将大字符串缩小为特定段落 [英] Scaling down a large string to a specific paragraph
问题描述
大家好,
我正在制作一个''windows forms''项目,要求我从网站上获取一些文字并在程序中显示。
下面有我的公共子,它基本上读取了相关网站的源代码,将其转换为字节中的字符串,并将其显示在多行文本框中表单。
Hi everyone,
I''m currently working on a ''windows forms'' project that requires me to get some text from a website and display it within the program.
I have my public sub below, which basically reads the source code of the site in question, converts it to a string from a byte, and displays it in a multi-line textbox on the form.
Public Sub LoadSiteContent(ByVal url As String)
Dim client As New WebClient
Dim html As Byte() = client.DownloadData(url)
Dim webString As String = System.Text.Encoding.UTF8.GetString(html)
TextBox1.Text = webString
End Sub
此子获取全部源代码,而我只想在网站上有一个特定的段落,那么有没有办法缩小我在页面源中转换为该段落的字符串?也许通过使用正则表达式或子串?
我的班级也有这个导入:
This sub gets all the source code, whereas I only want a specific paragraph on the site, so is there a way to scale down the string I converted to just that paragraph within the page source? Maybe through using regular expressions or substrings?
I also have this import at the top of my class:
Imports System.Net
非常感谢任何回复,谢谢。
Any response is greatly appreciated, thanks.
推荐答案
这可能是你认为你想要的更多,但是......
这个过程被称为网络抓取,有一篇很好的文章关于它在这里:使用正则表达式在ASP.NET中进行Web Scraping匹配和XML转换 [ ^ ] - 它在C#中,但代码很容易翻译,描述非常清晰。
This is probably a bit more that you think you wanted, but...
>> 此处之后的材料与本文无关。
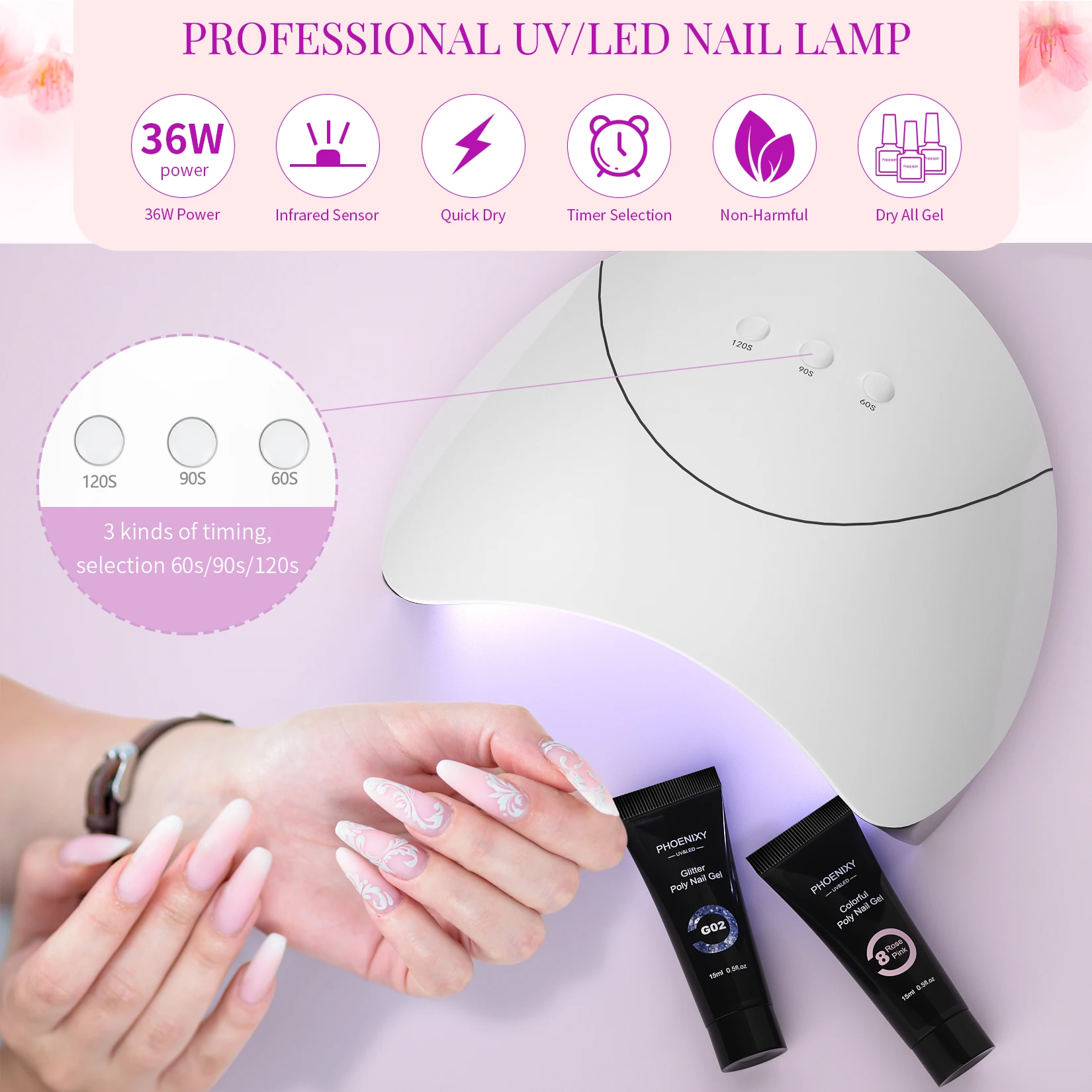 Набор для ногтей для начинающих, Гель-лак для ногтей 36 Вт, УФ-ламп...

The process is called "Web scraping", and there is a nice article about it here: Web Scraping in ASP.NET with Regular Expression Matching and XML Transformation[^] - it''s in C#, but the code is easily translatable, and the description is very clear.
如果有网页上该段之前和之后的固定文本(例如id =''xyz''的标签你可以在返回的字符串中找到它,然后从中获取所需的段落。我已经在我的一个应用程序中完成了这个,希望它对你也有帮助。如果有帮助,请标记为答案。
If there is a fixed text before and after that paragraph on the webpage (ex- some tag with id=''xyz'') you can find it in the string returned and then get the required paragraph from that. I have done this in one of my application hope it will be helpful for u also. please mark as answer if helped.
这篇关于将大字符串缩小为特定段落的文章就介绍到这了,希望我们推荐的答案对大家有所帮助,也希望大家多多支持IT屋!